■ **What the exercise asks**:
Set down, unchanged, the line holding "Penyerahahan SK Pengukuhan" and all lines that follow it to the end of the material, leaving pictures out.

■ **Data to examine**:
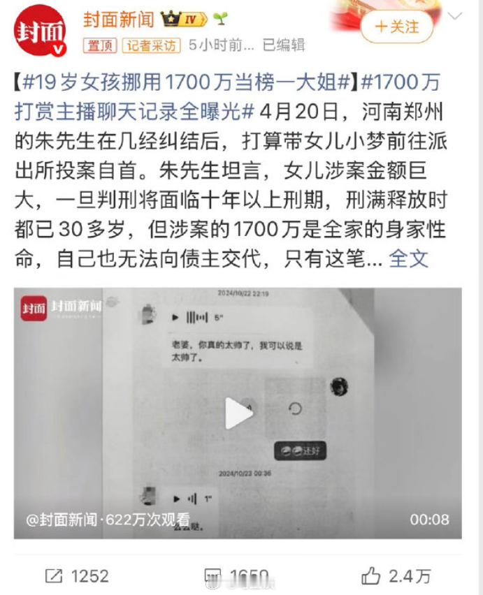 19岁女孩挪用父亲公司1700万打赏主播、当榜一大姐,导致公司破产,对外还欠下数百万借款,可女儿依旧整日沉迷手机。父亲主动联系接受打赏的主播,要求退还钱款,但均遭到对方拒绝,几经纠结后,打算带女儿投案自首…生这样的女儿,真的不如生一只叉烧包。还轻信富养女儿谬论的人,赶快醒来…
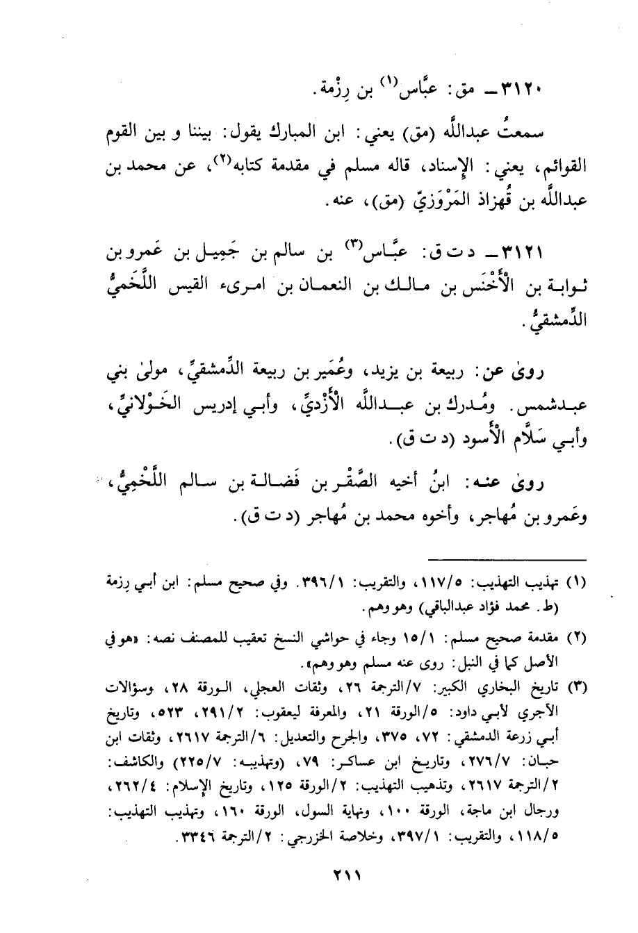 (3) تاريخ البخاري الكبير: 7 / الترجمة 26، وثقات العجلي، الورقة 28، وسؤالات الآجري لابي داود: 5 / الورقة 21، والمعرفة ليعقوب: 2 / 291، 523، وتاريخ أبي زرعة الدمشقي: 72، 375، والجرح والتعديل: 6 / الترجمة 2617، وثقات ابن حبان: 7 / 276، وتاريخ ابن عساكر: 79، (وتهذيبه: 7 / 225) والكاشف: 2 / الترجمة 2617، وتذهيب التهذيب: 2 / الورقة 125، وتاريخ االاسلام: 4 / 262، ورجال ابن ماجة، الورقة 100، ونهاية السول، الورقة 160، وتهذيب التهذيب: 5 / 118، والتقريب: 1 / 397، وخلاصة الخزرجي: 2 / الترجمة 3346.
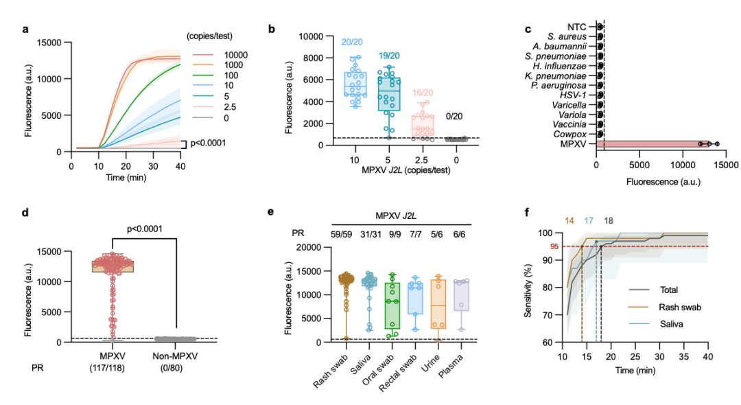 研究团队将TRACE嵌入门诊工作流程,开展前瞻性试点研究(图3)。TRACE成功识别全部28例具有高流行病学风险的有症状个体,其平均“样本到答案”时间仅约25分钟,而qPCR金标准检测则需约3小时,充分表明TRACE在与临床流程兼容的前提下,具备现场快速识别MPXV病例的显著即时检测优势。
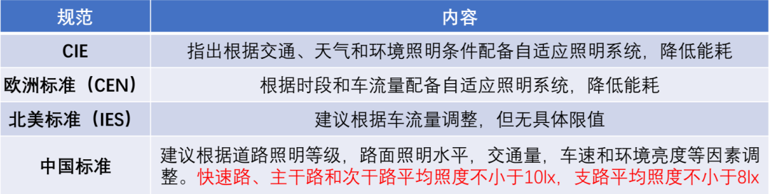 5.自适应照明:CIE 的建议明确地指出, 自适应照明能够自主适应暂时变化的环境, 例如交通、天气以及环境照明条件,因此自适应照明具有大幅降低能耗的可能性。如果照明设施被设计为能够真正尽可能地适应 (调光) 环境照明水平的大幅降低。值得注意的是,在这种环境下,只允许适当降低照明水平而不能降低均匀度。
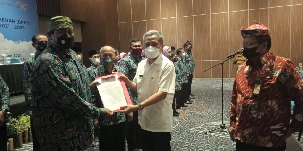 Penyerahahan SK Pengukuhan Sekda Sidoarjo kepada Ketua BPPD Sidoarjo disaksikan Kepala Disporapar Sidoarjo
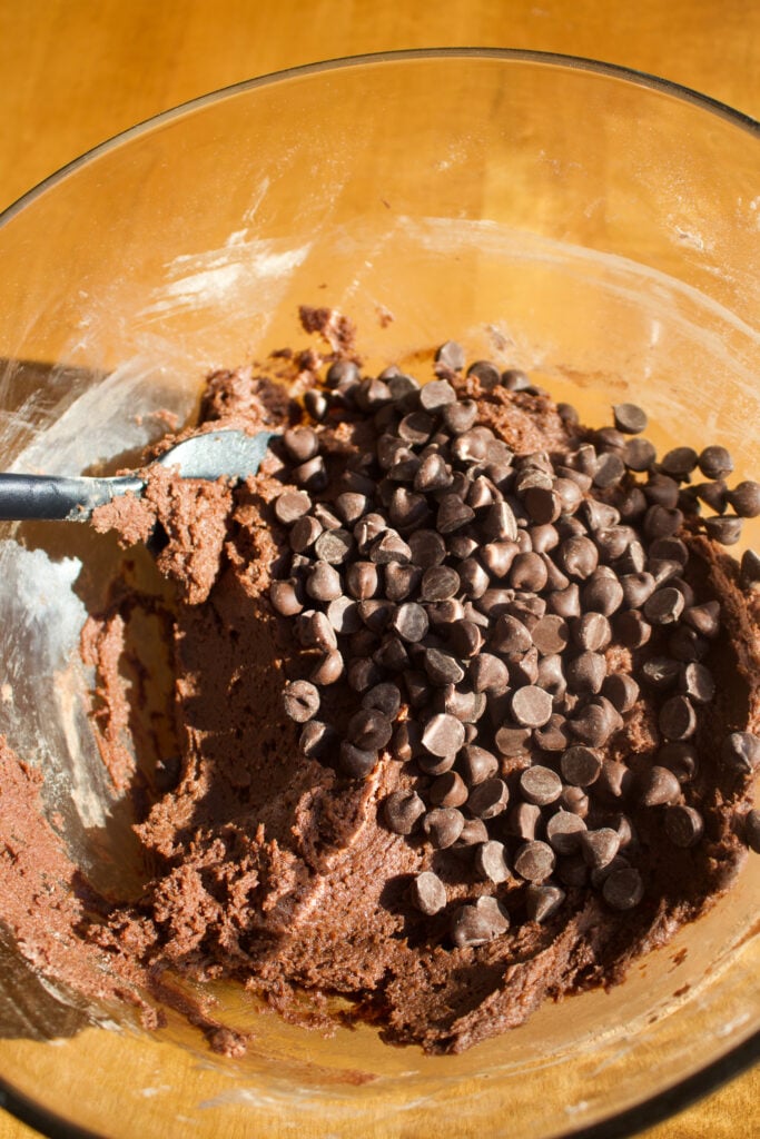 Step 5: Mix in chocolate chips. Add the chocolate chips in and mix a few times.
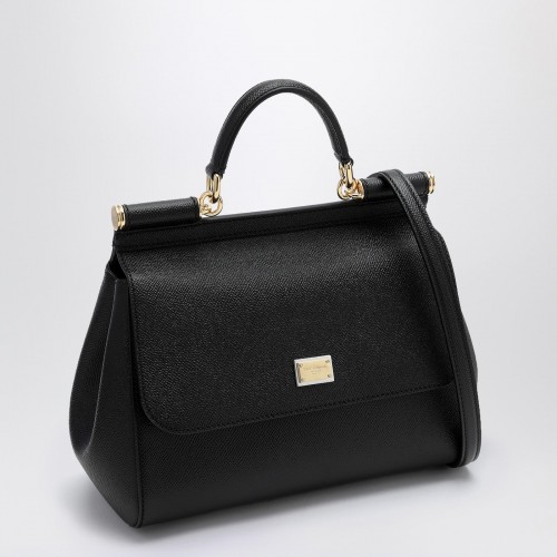 Bag by Dolce & Gabbana in black grained leather, featuring frontal flap, hidden snap closure, handle, adjustable and removable shoulder strap, label with logo, internal zip pocket with logo, pocket for the smartphone and metal feet.
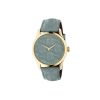 - Yellow gold PVD case, pastel sky blue Gucci Signature leather dial and strap
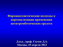 Фармакогенетические подходы к персонализации применения антитромботических средств Д

■ **Response to the task**:
 Penyerahahan SK Pengukuhan Sekda Sidoarjo kepada Ketua BPPD Sidoarjo disaksikan Kepala Disporapar Sidoarjo
 Step 5: Mix in chocolate chips. Add the chocolate chips in and mix a few times.
 Bag by Dolce & Gabbana in black grained leather, featuring frontal flap, hidden snap closure, handle, adjustable and removable shoulder strap, label with logo, internal zip pocket with logo, pocket for the smartphone and metal feet.
 - Yellow gold PVD case, pastel sky blue Gucci Signature leather dial and strap
 Фармакогенетические подходы к персонализации применения антитромботических средств Д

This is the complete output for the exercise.